Tumor suppressor genes (TSGs) can be grouped into the following categories: caretaker genes, gatekeeper genes, and more recently landscaper genes. Caretaker genes ensure stability of the genome via DNA repair and subsequently when mutated allow mutations to accumulate. [3] Meanwhile gatekeeper genes directly regulate cell growth by either inhibiting cell cycle progression or inducing apoptosis. [3] Lastly landscaper genes regulate growth by contributing to the surrounding environment, when mutated can cause an environment that promotes unregulated proliferation. [4] The classification schemes are evolving as medical advances are being made from fields including molecular biology, genetics, and epigenetics.

History

The discovery of oncogenes and their ability to deregulate cellular processes related to cell proliferation and development appeared first in the literature as opposed to the idea of tumor suppressor genes. [5] However, the idea of genetic mutation leading to increased tumor growth gave way to another possible genetic idea of genes playing a role in decreasing cellular growth and development of cells. This idea was not solidified until experiments byHenry Harris were conducted with somatic cell hybridization in 1969. [6]

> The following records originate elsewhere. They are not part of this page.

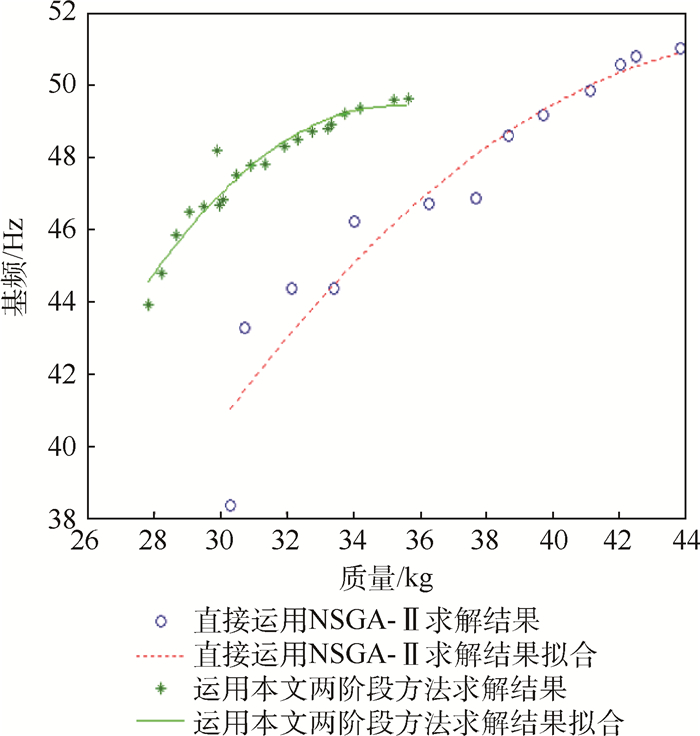 为了改善卫星天线复合材料框架的结构动力学性能,提出了一种针对卫星天线框架复合材料铺层的两阶段优化设计方法。阶段Ⅰ以各铺层的角度为设计变量进行铺层顺序优化,框架基频的最大化为优化目标,铺层数的最大值为约束条件。其中设计变量用一种多进制码来表示,并将多进制码映射为连续变量,应用粒子群优化(PSO)算法对阶段Ⅰ优化模型进行求解。在阶段Ⅰ优化结果的基础上,阶段Ⅱ主要是优化复合材料的层数,以基频最大化与质量最小化为优化目标建立多目标拓扑优化模型,应用第2代非劣排序遗传算法(NSGA-Ⅱ)进行求解。为了验证该方法的有效性,对某大型卫星天线复合材料框架进行优化设计,结果表明:该方法能有效地减小天线板复合材料框架的质量,并提高基频。
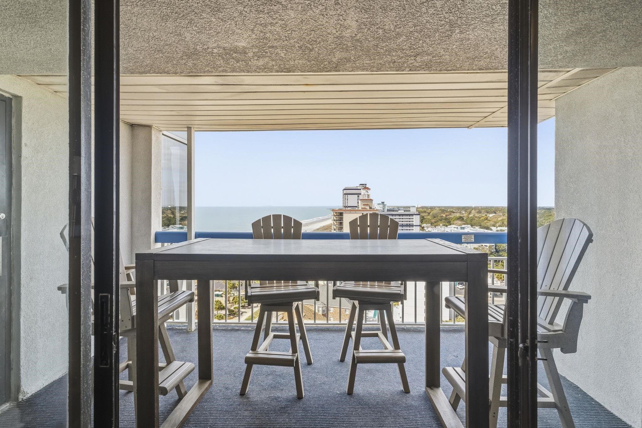 3BR oceanfront condo on Myrtle Beach Golden Mile - high-floor views, fully furnished, resort-style amenities! Set high above the shoreline along Myrtle Beach, this 3 bedroom, 2.5 bathroom oceanfront condo in Forest Dunes delivers the kind of lifestyle buyers are searching for - panoramic Atlantic views, effortless indoor-outdoor living, and strong flexibility as a primary home, second residence, or income-producing investment. From the moment you step inside, the natural light and expansive sightlines immediately draw you toward the ocean, creating a calm, elevated coastal atmosphere where mornings begin with sunrise over the water and evenings unwind to the sound of the waves. The floor plan is designed with both comfort and connection in mind. The kitchen greets you with granite countertops, abundant cabinetry, and a breakfast bar that opens seamlessly into the dining and living areas - perfect for casual mornings or entertaining guests. The dining space transitions easily into the main living room, where floor-to-ceiling glass doors frame breathtaking ocean views and lead to a private balcony, creating a true extension of the living space. The primary suite is positioned to maximize both privacy and scenery, offering direct access to the balcony - ideal for stepping out to enjoy the ocean breeze at any time of day. This space also features a walk-in closet and ensuite bath, creating a comfortable retreat. Two additional bedrooms provide versatility for guests, or rental use, with a thoughtfully designed layout that supports both privacy and functionality. A dedicated laundry area with washer and dryer adds everyday convenience. Perched on a high floor, this fully furnished residence showcases tasteful upgrades throughout, including durable LVP flooring, a bright open layout, and expansive windows that bring the outdoors in. The large balcony, accessible from both the living area and primary suite, becomes a favorite place to relax, dine, or simply take in the sweeping coastline views. Forest Dunes is known for its exceptional amenities, offering both indoor and outdoor pools, a lazy river, and an onsite bar and grill, all designed to enhance the coastal living experience. Located in one of Myrtle Beach's most desirable stretches, residents enjoy quick access to top dining, shopping, golf courses, and entertainment, all while being just steps from the beach. This turn-key oceanfront condo offers a rare combination of location, views, and versatility - ideal for short-term or long-term rental opportunities, a vacation getaway, or a full-time coastal residence. Measurements are not guaranteed. Buyer is responsible for verifying.
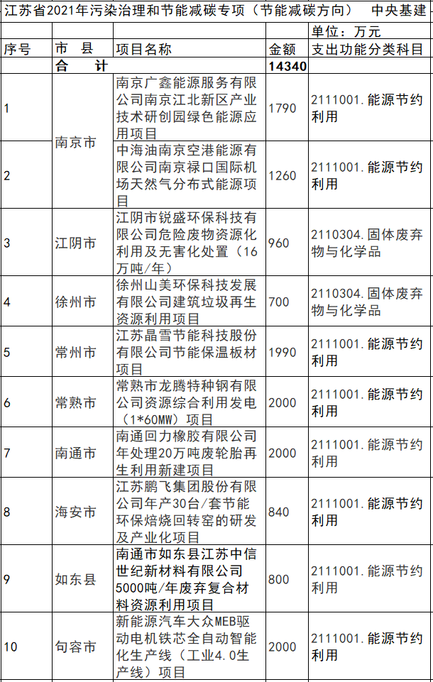 江蘇省財政廳關(guān)于下達(dá)2021年污染治理和節(jié)能減碳專項(節(jié)能減碳方向)中央基建投資預(yù)算(撥款)的通知 蘇財建〔2021〕126號 各有關(guān)市縣財政局: 根據(jù)《財政部關(guān)于下達(dá)2021年污染治理和節(jié)能減碳專項(節(jié)能減碳方向)中央基建投資預(yù)算(撥款)的通知》(財建〔2021〕287號)和《省發(fā)展改革委關(guān)于下達(dá)...
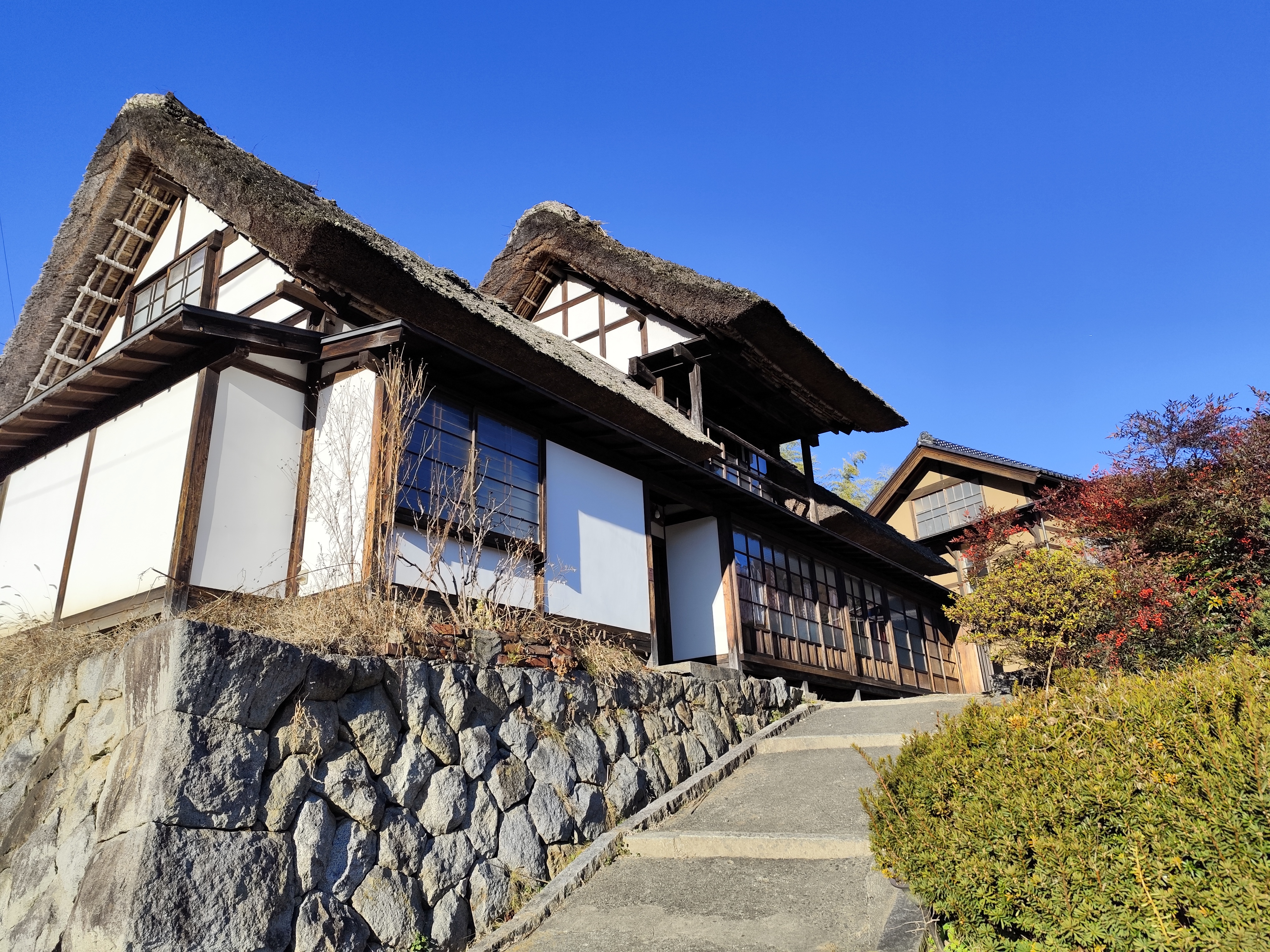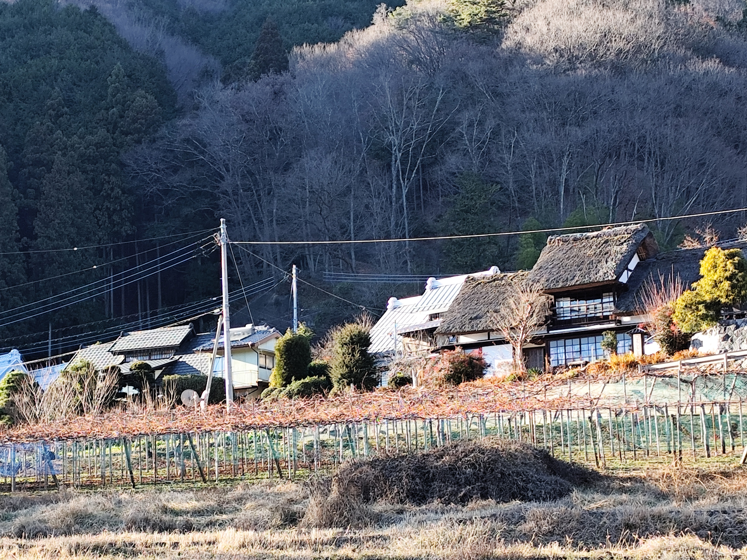 実は甲府盆地の峡東地域には、上条集落にあるような茅葺切妻造りの主屋が今もけっこう点在しているのだとか。今回の旅行中、同じような民家を確かに何度も見かけた。ただし、上条集落のようにひとつの地域にまとまって残されているのは非常に稀だという。

Within Dr. Harris’s experiments, tumor cells were fused with normal somatic cells to make hybrid cells. Each cell had chromosomes from both parents and upon growth, a majority of these hybrid cells did not have the capability of developing tumors within animals. [6] The suppression of tumorigenicity in these hybrid cells prompted researchers to hypothesize that genes within the normal somatic cell had inhibitory actions to stop tumor growth. [6] This initial hypothesis eventually lead to the discovery of the first classic tumor suppressor gene by Alfred Knudson, known as the Rb gene, which codes for the retinoblastoma tumor suppressor protein. [5]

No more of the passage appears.